Leaders must be aware of cognitive traps:
- Confirmation bias: seeking data that supports existing beliefs.
- Recency bias: over-weighting the latest events instead of long-term patterns.
It’s critical to create room for "red team" voices — internal dissent or alternate AI-driven scenarios that challenge groupthink. Diversity of thought, structured debate, and data triangulation make decisions more resilient.
This is so important because groupthink is one of the most difficult elements to overcome. Sometimes people go along because being the dissenting voice feels risky. Sometimes they go along with it because they are frankly exhausted by debate after a while. You need fresh eyes and a strong perspective. There are ways to do this without AI but depending on the size of the team or the dynamics it’s easier to do this with AI. At least to start.
Building an AI-Informed Decision Loop
Strategic decisions shouldn't rely on one-off analysis. They should be part of a continuous loop, where signals are monitored and assessed in real-time.
Key elements:
- Continuous data feeds: customer feedback, ops metrics, market signals.
- Regular review cadence: monthly or quarterly "pivot vs. persevere" reviews.
- Cross-functional input: product, finance, customer success — all must have a seat at the table.
Accountability is crucial. Who owns the decision? Who owns the signal interpretation? These roles need clarity to ensure action, not just insight.

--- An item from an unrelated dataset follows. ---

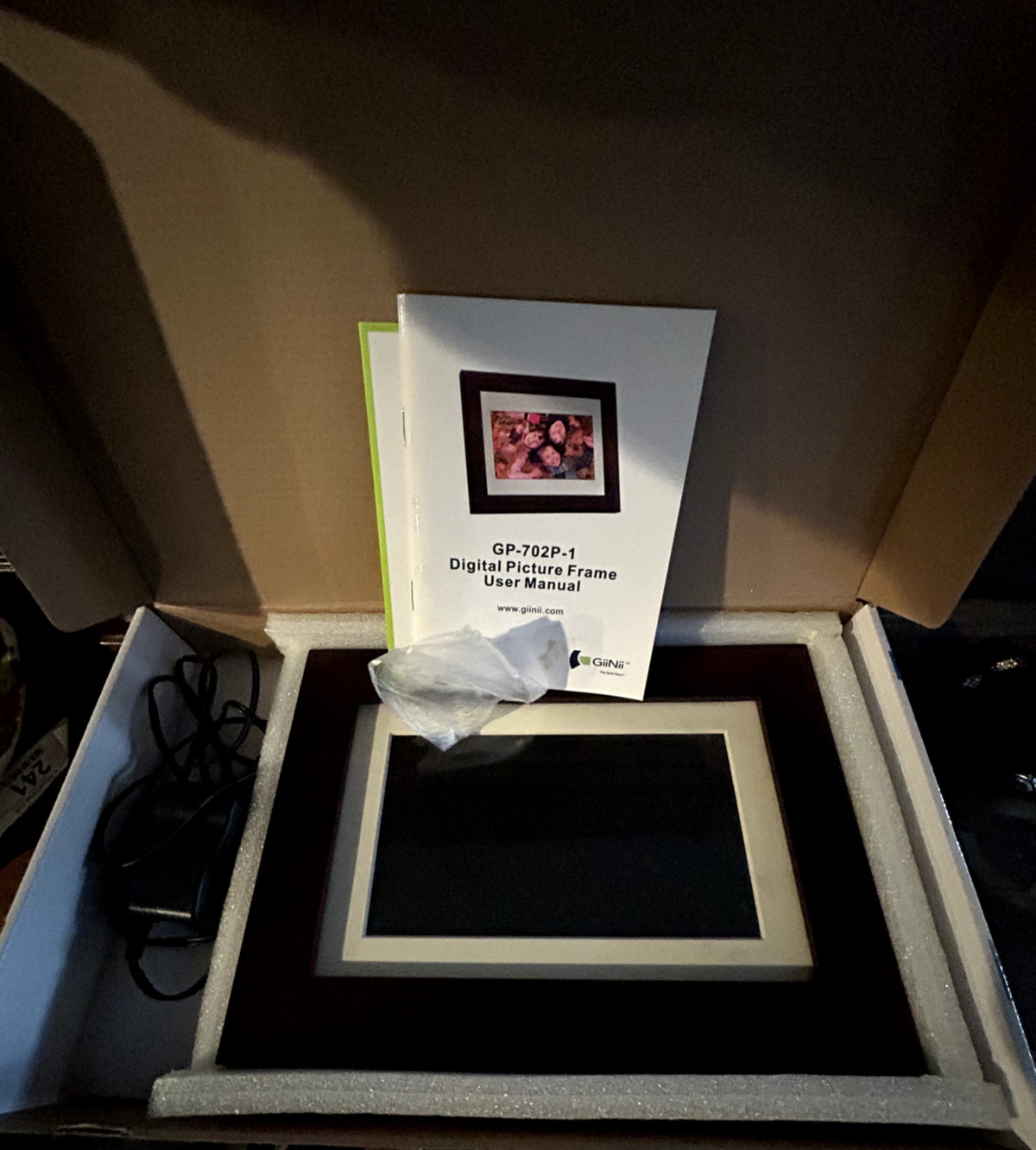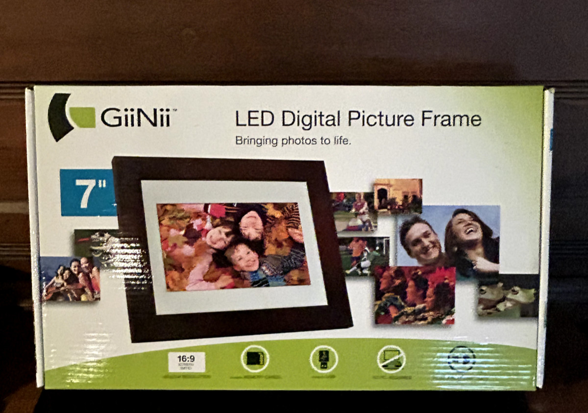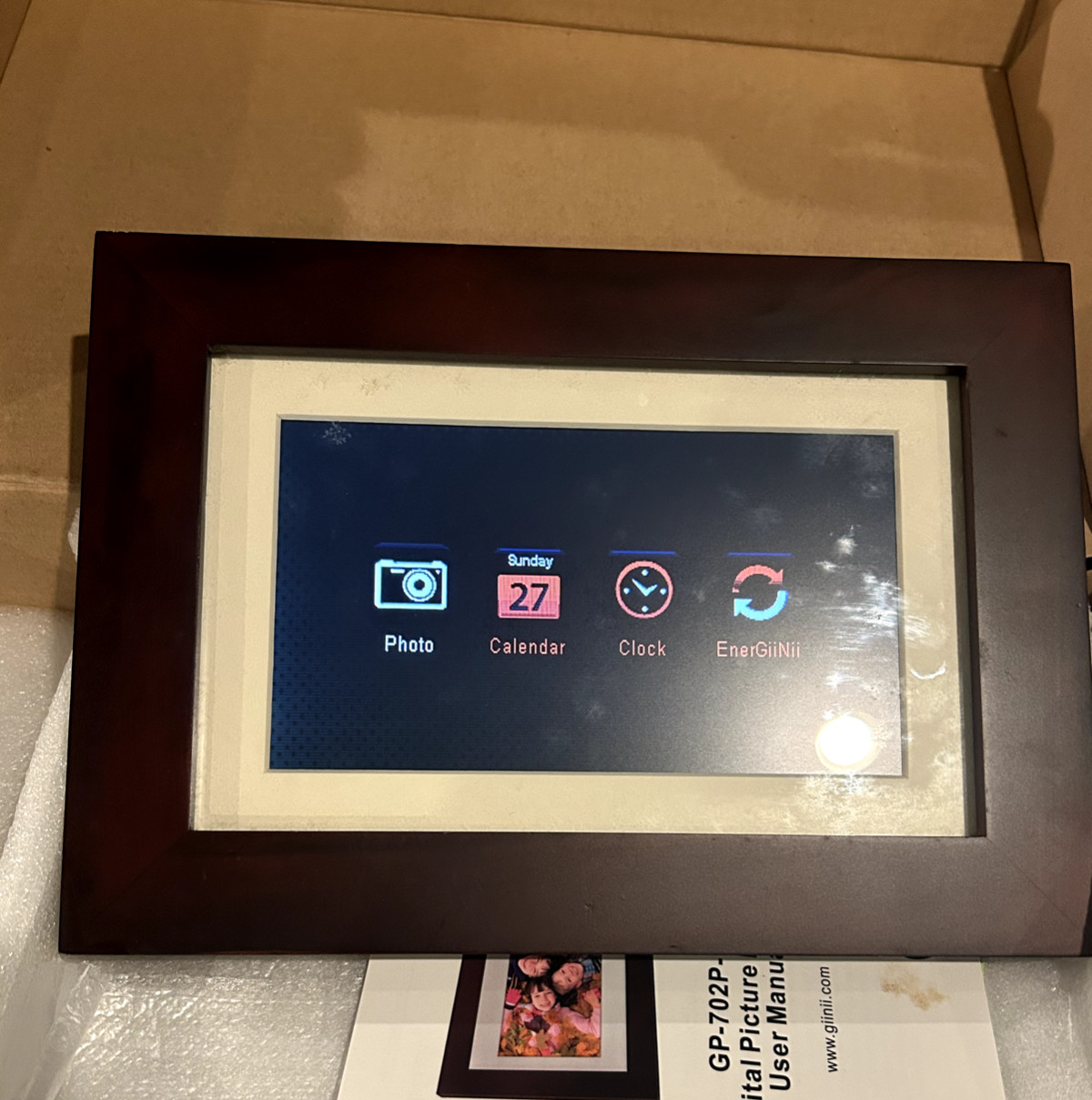как выглядит GiiNii 7" LED Digital Picture Photo Frame Clock Calendar Brown GT-702P фото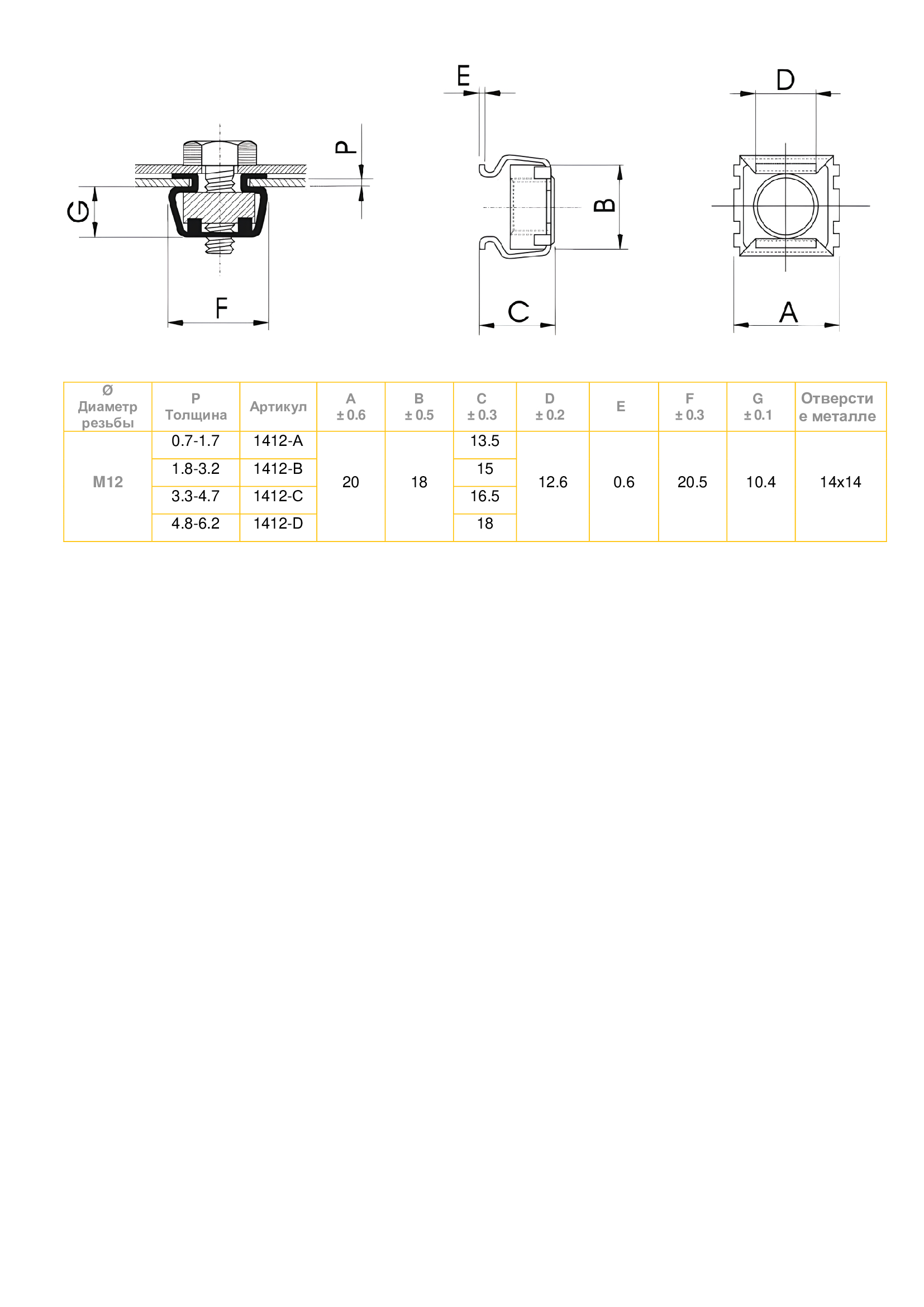 Гайка закладная М12 SMG 1412-B, квадрат 14,0 мм, для установки в металл толщиной 1,8 - 3,2 мм

In a world that rewards speed and punishes indecision, the ability to discern whether to double down or pivot is a core leadership skill.
AI offers clarity — not certainty. It’s a compass, not the captain. Leaders must still interpret the terrain, trust their instincts, and lead with both data and wisdom.
Final takeaway: Trust your informed instincts. Use AI not as a crutch, but as a catalyst. The best decisions are those made with clear eyes, steady hands, and the courage to choose.